Sunday, June 10, 2018

God frees us from fearful grasping – Mark 3:20-35, Gen 3:9-15

10th Sunday of Ordinary Time, Year B; St. Adalbert's and St. Stanislaus' parishes.


I’m guessing I’m not the only one here with the following habit: when I’m bored, my hand will often reach down to my left pocket to take out my phone to distract me. Maybe it’s the right pocket or the purse for some of you, but I know this isn’t just a generational thing; I see people of all ages distracting themselves from boredom with their phones. Now either I’m sufficiently absent-minded or the habit is deeply enough engrained that a few weeks ago I was distracting myself with my phone and some website was taking long enough to load that I got bored and, without even thinking, my hand reached down to my left pocket, trying to grasp something that wasn’t even there that wouldn’t even have relieved what was wrong.



What I did wasn’t particularly harmful, but that posture – of trying to grasp something that really relieve what ails us – is the basic posture of so much sin. The original grasping was Adam and Eve reaching for the apple. But, that wasn’t the first sin, but the second. Adam and Eve had been made in the image and likeness of God, and their first sin was to doubt that. The serpent came and said to them, “Do you want to be like God? Then, reach out, take and grasp this thing, this apple?” If Adam and Eve had really believed that they were who God created them to be, that they were like God, they’ve have instantly rejected this as ridiculous. But, they didn’t. They reached out and grasped.

And we do this too. In fact, we’re mired in it. We live in fear and anxiety and doubt, doubting we are wonderfully and fearfully made, doubting that we are made like God, not in our power, but in our capacity for love. So, we grasp. We think that if we just grasp the right things, and hold on for dear life, we’ll find security. But, it’s never enough. That’s where jealousy comes from: when we think someone else has grasped more than us. That’s where pride comes from: when we think we’ve grasped more than them.
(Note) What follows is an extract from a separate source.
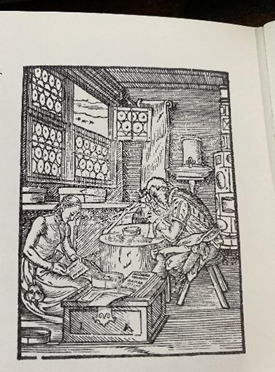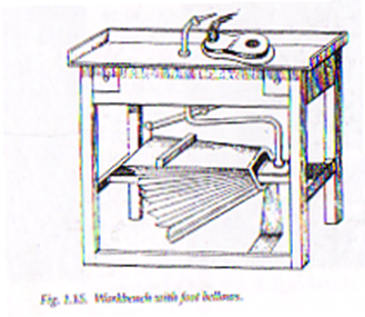 Soft glass is what was used in the 15th century. Glass rods were bought by the bead maker during that time (Jargstorf, 32). The glass of the 15th century was softer which means it had more silica vs. lime (Hoyt, 11). Lampworkers from the 16th century worked over an oil lamp and used a bellows system to infuse oxygen into the flame making it hot enough to melt the glass (see picture). workbench

That’s what makes it hard to be generous: because we fear that if we let go of what we’re grasping, we’ll be nothing. Well, we’re not nothing: we’re made in the image and likeness of God, not called to power, not called to security, but to risky, fragile open-handed love, the kind of love that doesn’t grasp, the kind of love that’s open-handed and in its open-handedness can receive gives that could never be grasped.

But God never gives up on us. God sent prophet after prophet to tell His people to stop grasping, to open their hands, to trust and to love. But it wasn’t enough. So, He sent His only son, to show us what divine love looks like with a human face, to show us that human weakness, human fragility is no contradiction to divine love. And just that, wouldn’t be enough either. So, he claims us anew in baptism. We, who were already His, have been claimed anew, have heard God declare, “This is my beloved daughter, this is my beloved son.” We have been filled with the Spirit, who dwells closer to us than we do to ourselves, prayers for us in sighs too deep for words, and keeps on acting to remind us who we are, and bring us closer to Christ.
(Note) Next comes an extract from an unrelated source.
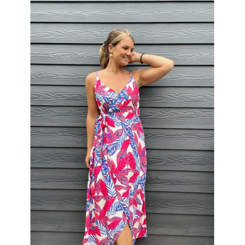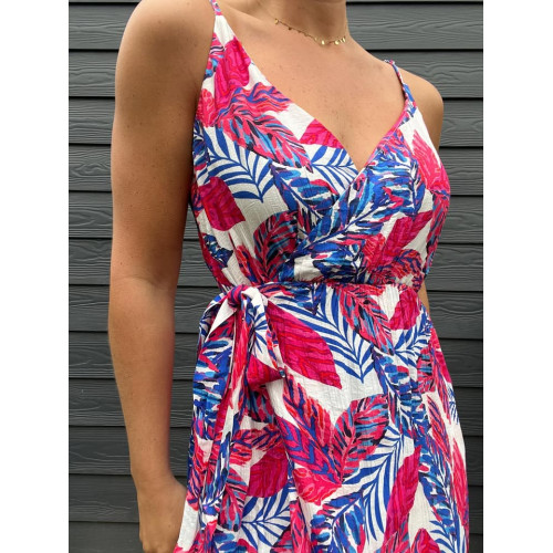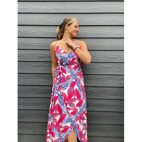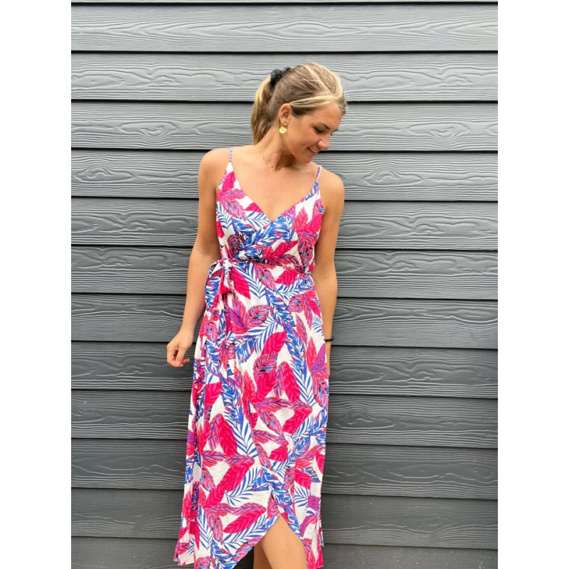 Robe longue fines bretelles réglables en coupe portefeuille

In our gospel, we heard that Jesus’ relatives were some of the slowest to accept who he was. In another part of Mark’s gospel, we hear that it was precisely because he was too familiar that they couldn’t accept him as who he was, as divine love with a human face. And there’s a sure sign, that we’ve lost sight of being made in the image and likeness of God, that our neighbors are made in the image and likeness of God, that when we see someone who is too like us, we can’t see God in them.

At the end of the gospel, Jesus has something very important to say, that we only normally hear about two thirds of. He says that whoever does his word is his brother and sister and mother. And we normally hear about the first two thirds of that: that Jesus is our brother. And that’s amazing enough! That we have that closeness to Jesus, that we’re growing in family resemblance. But, we don’t hear the last part, that if we do Jesus’ word, we can become his mother.
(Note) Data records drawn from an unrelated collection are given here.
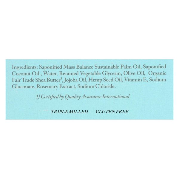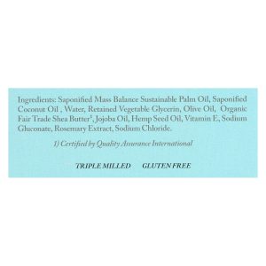 ingredients : saponified mass balance sustainable palm oil;saponified coconut oil;water;retained vegetable glycerin;olive oil;organic fair trade shea butter¹;jojoba oil;hemp seed oil;vitamin e;sodium gluconate;rosemary extract;sodium chloride
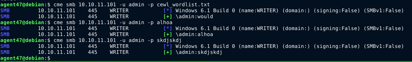 Bruteforce attampts with CrackMapExec kept giving false postives;
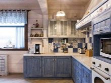 - Cozy rustic cuisine in eco style. The design of a complex configuration room is helped by the allocation of separate zones inside it for eating, storage and cooking. The rich blue color of the sideboard against the background of a wall made of timber looks fresh and original. The U-shaped set with a breakfast bar leaves you feeling spacious even in a small kitchen.
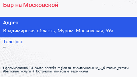 Бар на Московской по адресу Владимирская область, Муром, Московская, 69а в дальнейшем Организация, размещена в следующих категориях:

That’s how bold God’s dream is for us, that all of us would follow Mary’s vocation. We know, some of you a lot more personally than me, that the life of a mother is nothing easy, is not always even safe. The life of a mother is a risky life, a loving life, in which a mother gives of her own body that another may have life. The life of the Christian is the same. To take up your cross and follow Christ is surely nothing easy, is a life of sacrifice. But, Jesus assures us that when we do his word, Christ takes on flesh anew.

That’s a bold dream for God to dream of us, but God’s dreams aren’t futile. We are made in the image and likeness of God, and we are called to act with an open-handed love, not grasping, and assured that when we do Christ himself takes on flesh in our actions. And we’re not perfect at this, sometimes we fail pretty spectacularly. But, God is never done with us. God is always acting to form us, to be more assured that we are like God and are called to move ever deeper into that life, to love like God. For in the end, freely choosing love forever, is precisely what heaven is. And that’s God’s great dream for us.